* TASK INPUT
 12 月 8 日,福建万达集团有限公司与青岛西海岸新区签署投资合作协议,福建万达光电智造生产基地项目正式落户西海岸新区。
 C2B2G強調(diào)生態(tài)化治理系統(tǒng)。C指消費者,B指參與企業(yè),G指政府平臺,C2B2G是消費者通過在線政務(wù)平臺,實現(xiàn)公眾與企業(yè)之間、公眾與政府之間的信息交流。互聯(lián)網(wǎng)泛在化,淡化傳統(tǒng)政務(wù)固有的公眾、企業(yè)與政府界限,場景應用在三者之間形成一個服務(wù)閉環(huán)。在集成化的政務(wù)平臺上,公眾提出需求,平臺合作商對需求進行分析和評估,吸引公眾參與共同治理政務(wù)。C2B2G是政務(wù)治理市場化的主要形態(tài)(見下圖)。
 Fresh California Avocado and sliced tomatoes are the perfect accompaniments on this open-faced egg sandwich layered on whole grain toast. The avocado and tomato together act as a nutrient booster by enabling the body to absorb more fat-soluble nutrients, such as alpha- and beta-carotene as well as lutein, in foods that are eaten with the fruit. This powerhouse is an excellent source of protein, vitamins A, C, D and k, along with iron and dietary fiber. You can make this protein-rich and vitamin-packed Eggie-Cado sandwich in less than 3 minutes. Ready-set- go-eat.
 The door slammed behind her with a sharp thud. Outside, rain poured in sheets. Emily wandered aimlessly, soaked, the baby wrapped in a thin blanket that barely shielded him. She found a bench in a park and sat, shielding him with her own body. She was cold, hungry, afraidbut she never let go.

...

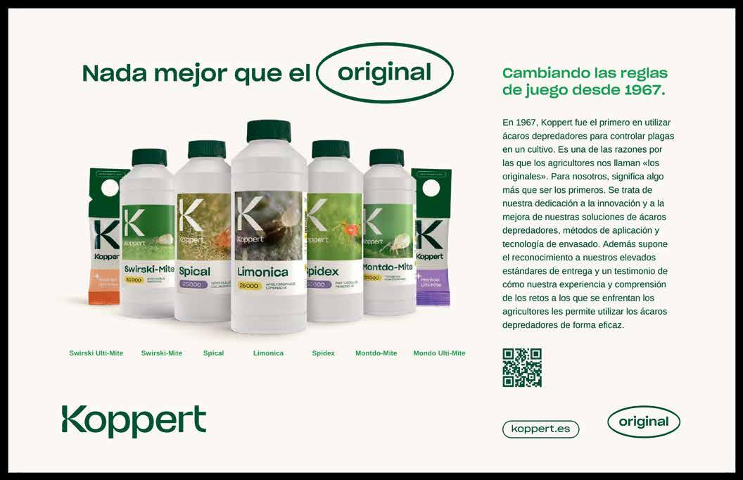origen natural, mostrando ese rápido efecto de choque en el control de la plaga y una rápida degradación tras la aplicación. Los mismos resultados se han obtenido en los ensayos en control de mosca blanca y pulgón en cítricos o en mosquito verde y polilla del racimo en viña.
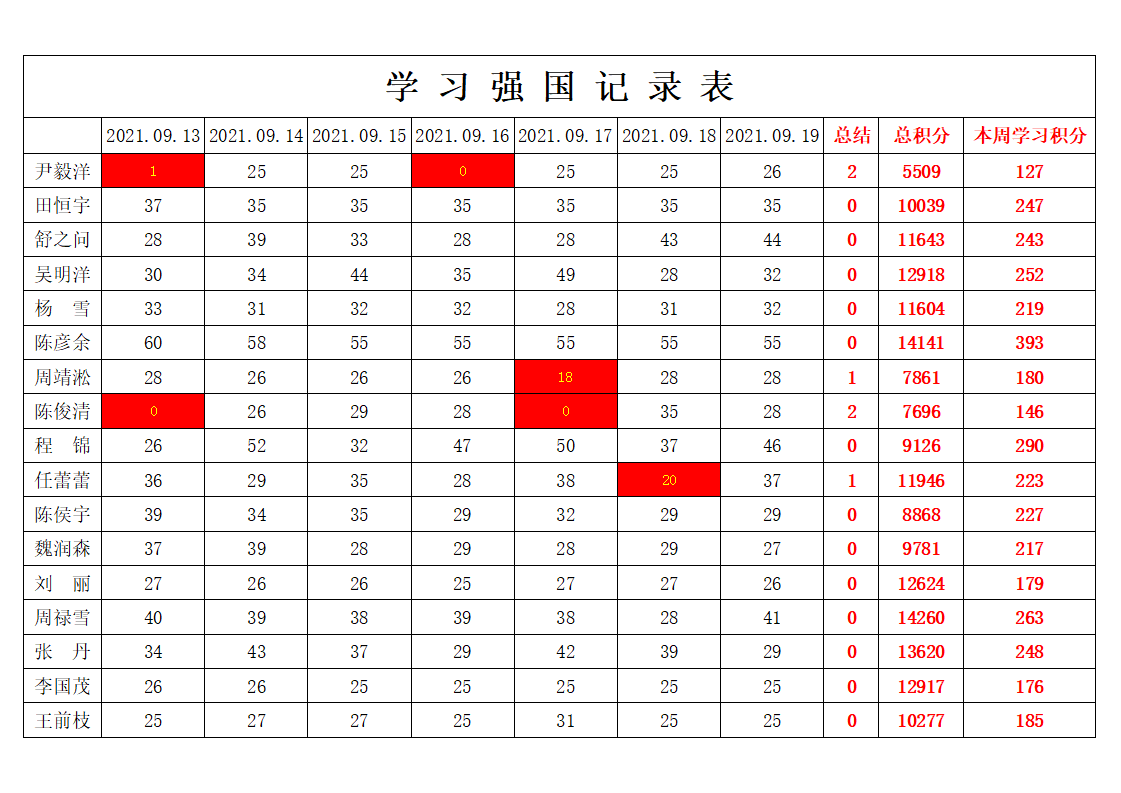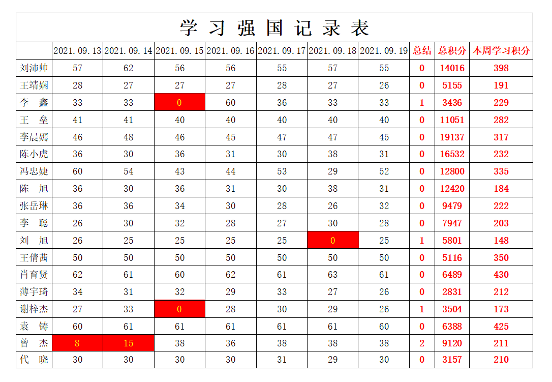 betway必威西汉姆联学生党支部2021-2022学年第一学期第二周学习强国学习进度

...

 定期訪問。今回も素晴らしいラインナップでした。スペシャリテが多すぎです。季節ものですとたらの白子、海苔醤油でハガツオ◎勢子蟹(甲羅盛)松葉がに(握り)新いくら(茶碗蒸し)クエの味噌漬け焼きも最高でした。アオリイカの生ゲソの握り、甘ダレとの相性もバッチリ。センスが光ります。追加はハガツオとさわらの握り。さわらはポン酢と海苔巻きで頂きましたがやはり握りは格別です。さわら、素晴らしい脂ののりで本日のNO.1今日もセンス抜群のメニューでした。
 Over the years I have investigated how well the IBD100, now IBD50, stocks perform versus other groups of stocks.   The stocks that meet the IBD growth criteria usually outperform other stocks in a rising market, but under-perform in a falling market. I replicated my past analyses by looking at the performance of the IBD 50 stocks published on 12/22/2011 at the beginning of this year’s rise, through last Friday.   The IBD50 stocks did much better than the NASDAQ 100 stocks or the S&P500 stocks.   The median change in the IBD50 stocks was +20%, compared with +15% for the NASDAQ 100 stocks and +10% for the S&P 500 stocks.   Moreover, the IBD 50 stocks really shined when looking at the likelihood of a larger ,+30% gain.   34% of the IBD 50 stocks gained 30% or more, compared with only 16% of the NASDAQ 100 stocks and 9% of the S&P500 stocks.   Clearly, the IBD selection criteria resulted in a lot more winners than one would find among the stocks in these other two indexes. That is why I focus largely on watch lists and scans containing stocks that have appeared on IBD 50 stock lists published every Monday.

* WHAT THE TASK ASKS
When you reach the line in the material above that holds "C2B2G強調(diào)生", begin reproducing lines exactly, and stop after the line that holds "The door slammed".

* FINISHED TASK
 C2B2G強調(diào)生態(tài)化治理系統(tǒng)。C指消費者,B指參與企業(yè),G指政府平臺,C2B2G是消費者通過在線政務(wù)平臺,實現(xiàn)公眾與企業(yè)之間、公眾與政府之間的信息交流。互聯(lián)網(wǎng)泛在化,淡化傳統(tǒng)政務(wù)固有的公眾、企業(yè)與政府界限,場景應用在三者之間形成一個服務(wù)閉環(huán)。在集成化的政務(wù)平臺上,公眾提出需求,平臺合作商對需求進行分析和評估,吸引公眾參與共同治理政務(wù)。C2B2G是政務(wù)治理市場化的主要形態(tài)(見下圖)。
 Fresh California Avocado and sliced tomatoes are the perfect accompaniments on this open-faced egg sandwich layered on whole grain toast. The avocado and tomato together act as a nutrient booster by enabling the body to absorb more fat-soluble nutrients, such as alpha- and beta-carotene as well as lutein, in foods that are eaten with the fruit. This powerhouse is an excellent source of protein, vitamins A, C, D and k, along with iron and dietary fiber. You can make this protein-rich and vitamin-packed Eggie-Cado sandwich in less than 3 minutes. Ready-set- go-eat.
 The door slammed behind her with a sharp thud. Outside, rain poured in sheets. Emily wandered aimlessly, soaked, the baby wrapped in a thin blanket that barely shielded him. She found a bench in a park and sat, shielding him with her own body. She was cold, hungry, afraidbut she never let go.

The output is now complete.